Payment:

Payment is acceptable by cash, check, or credit card. Please contact me if you have any questions about fees. Insurance is not accepted, but I could provide you with a monthly statement (called a Superbill), which you may then submit to your insurance carrier for reimbursement.

Cancellation Policy:

A weekly scheduled appointment is reserved for you, meaning you are responsible for holding to that appointment time. Cancellations require no less than 24 hours’ notice prior to your scheduled session time. If your appointment is not canceled within the required time period, you will be charged the full fee for your session. In the event of a medical emergency or an emergency involving a threat to your safety or the safety of others, please call 911 to request emergency assistance.
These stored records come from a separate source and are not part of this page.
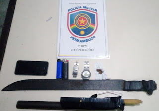 Santos, a PM encontrou o celular roubado; um relógio de pulso Swatch; um facão;
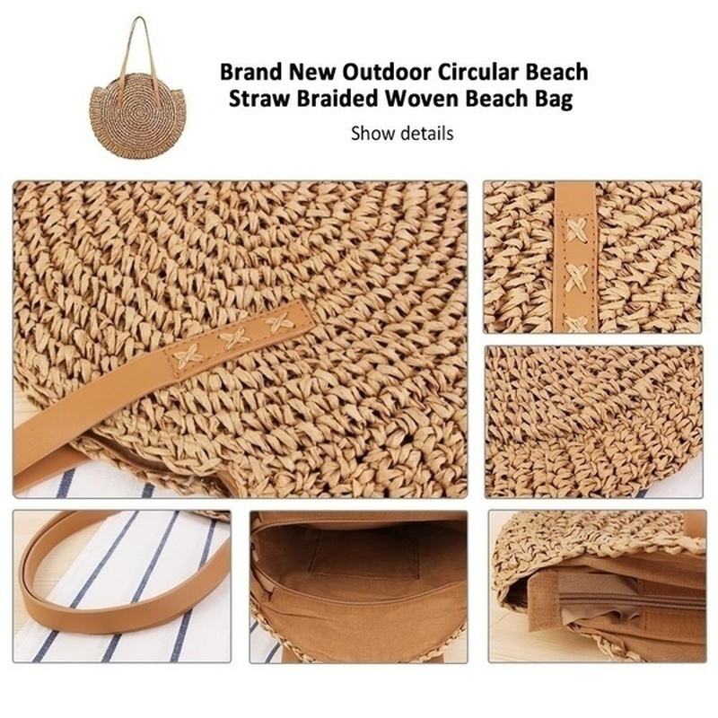 Kobiety Wypoczynek okrągła torba ze słomy Tkana torba plażowa na ramię
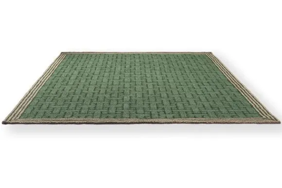 Buitenkleed TB T Monogram Jade Green Outdoor 455807 van het merk Brink & Campman is een echte sfeermaker voor binnen én buiten. Het kleed heeft een stijlvol geweven patroon in groen, omlijst met een subtiele gestreepte rand in beige. Elegant, speels en met een vleugje retro charme.

For any scheduling issues, you may contact me by telephone or email. For all clinical questions or concerns, please contact me by telephone only. If I am not immediately available, please leave a voice message, and I will return your call as soon as possible.

Further, please be aware that in order to make progress, a commitment to attend and work on the issues that brought you into treatment is necessary.

Good Faith Estimate:

Under Section 2799B-6 of the Public Health Service Act, healthcare providers and healthcare facilities are required to inform individuals who are not enrolled in a plan or coverage or a Federal healthcare program or not seeking to file a claim with their plan or coverage both orally and in writing of their ability, upon request or at the time of scheduling health care items and services, to receive a “Good Faith Estimate” of expected charges.
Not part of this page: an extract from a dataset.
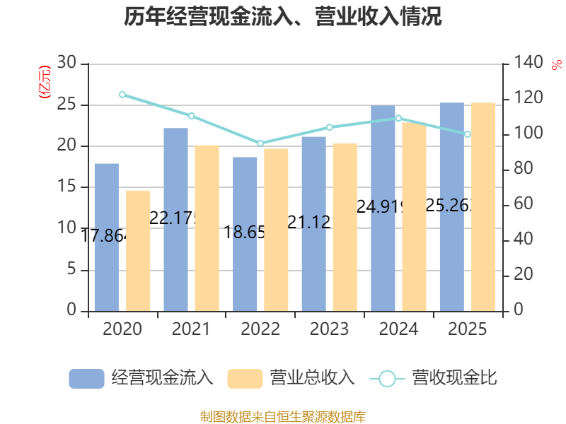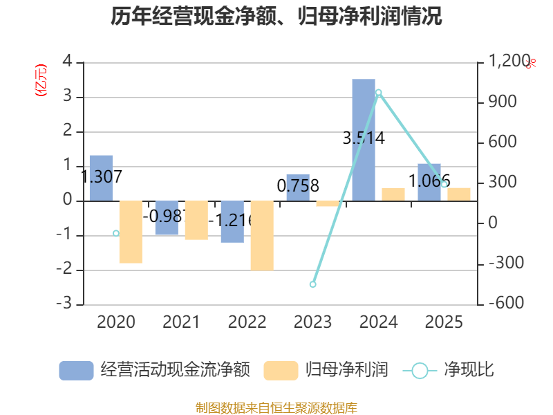 截至2025年,公司经营活动现金流净额为1.07亿元,同比下降69.66%;筹资活动现金流净额1.04亿元,同比增加4.56亿元;投资活动现金流净额-1.83亿元,上年同期为-3899.93万元。

You have the right to receive a “Good Faith Estimate” explaining how much your medical care will cost

Under the law, healthcare providers must give patients who don’t have insurance or are not using insurance an estimate of the bill for medical items and services.
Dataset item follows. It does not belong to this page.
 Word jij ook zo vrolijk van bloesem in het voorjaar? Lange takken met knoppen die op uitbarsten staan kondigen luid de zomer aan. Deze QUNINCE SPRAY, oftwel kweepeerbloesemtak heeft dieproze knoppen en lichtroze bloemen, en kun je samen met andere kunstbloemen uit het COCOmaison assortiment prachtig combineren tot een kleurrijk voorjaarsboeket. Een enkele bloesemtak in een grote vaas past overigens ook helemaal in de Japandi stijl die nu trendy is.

You have the right to receive a Good Faith Estimate for the total expected cost of any non-emergency items or services. This includes related costs like medical tests, prescription drugs, equipment, and hospital fees.

Make sure your healthcare provider gives you a Good Faith Estimate in writing at least 1 business day before your medical service or item. You can also ask your health care provider, and any other provider you choose, for a Good Faith Estimate before you schedule an item or service.

If you receive a bill that is at least $400 more than your Good Faith Estimate, you can dispute the bill.